Oleg  Sobchuk Oleg Sobchuk - 3 months ago 24
Ruby Question

Ruby n.times issue

In use Ruby 2.3, irb

a, b = [], [1,2,3]
3.times do
b[0] += 1
a << b
end


expected:

=> [[2, 2, 3], [3, 2, 3], [4, 2, 3]]


but I get

=> [[4, 2, 3], [4, 2, 3], [4, 2, 3]]


why? Thanks

P.S.

if I do

a = []
3.times do |n|
a << n
end


I get right result
a == [0,1,2]

Answer

You get the same because b is the same object which you are appending 3 times in a. b remains unchanged. That's why a stores the same values.

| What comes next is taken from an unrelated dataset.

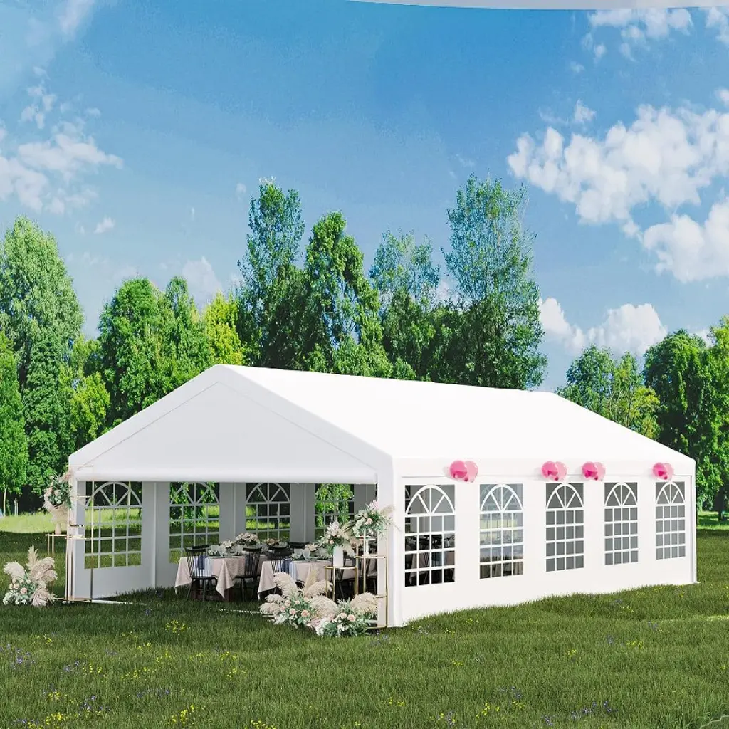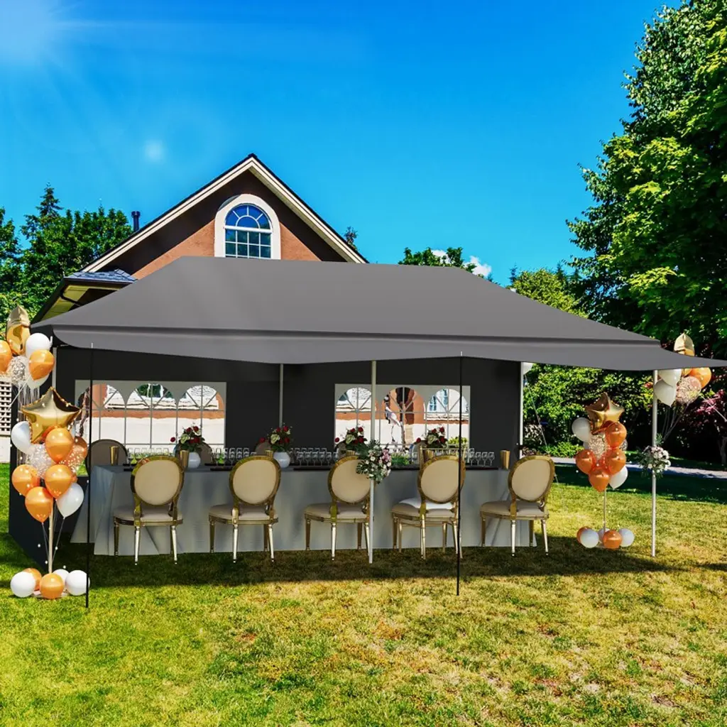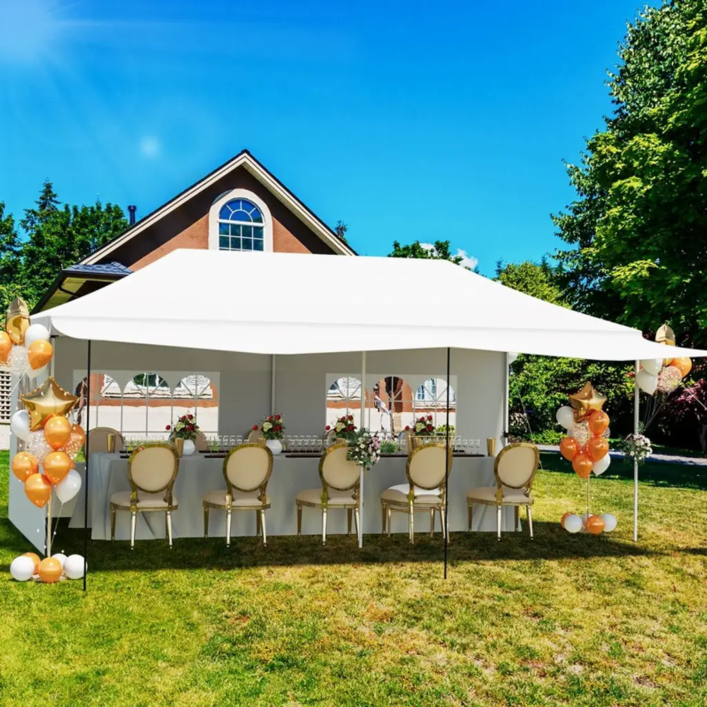 Professional-Grade Shelter for Large-Scale EventsThis industrial-strength 10x20 canopy tent delivers 314 sq ft of protected space - 40% larger than standard models - making it ideal for weddings, markets, and outdoor festivals. The upgraded 1.3" steel frame and 420D PU-coated fabric provide unmatched durability against wind, rain, and UV exposure.Key Features1. Expanded 314 sq ft Coverage - Fits 6 banquet tables or 40+ guests2. Military-Grade Fabric - 420D Oxford with PU3000mm waterproof + UPF50+3. 6 Removable Walls - Includes 4 clear windows + 1 zippered door4. 3 Height Adjustments - 122"/125"/129" ceiling options5. Pro Stabilization System - 6 sandbags + 18 stakes + 6 guy ropes6. Commercial Transport Bag - 600D Oxford wheeled caseTechnical Specifications Frame: 1.3" powder-coated steel (40% thicker than standard) Fabric: 420D Oxford (PU3000mm/UV50+) Wind Rating: Withstands 25mph winds when anchored Included: 6 sidewalls (4 windows + 1 door) 3 support poles Waterproof roller bag Full anchoring kit Why Event Pros Choose This Canopy? Larger Coverage - Extra 114 sq ft compared to standard 10x20 tents? Stronger Construction - Thicker frame tubes resist bending? Better Visibility - Clear windows maintain sightlines? Faster Setup - Pre-assembled truss systemPerfect for caterers, vendors, and wedding planners needing professional shelter that's easy to transport yet built to last.

p a.map(&:object_id) # => three same object id referencing to b. 

Even if you do a[0][1] = 100, you will see the same value reflected in all positions => [[4, 100, 3], [4, 100, 3], [4, 100, 3]]

You should use Array#dup to save intermediate b values.

a, b = [], [1,2,3]
3.times do
  b[0] += 1
  a << b.dup
end
=> [[2, 2, 3], [3, 2, 3], [4, 2, 3]]

For latter part of you question you might want to read - Ruby - Parameters by reference or by value?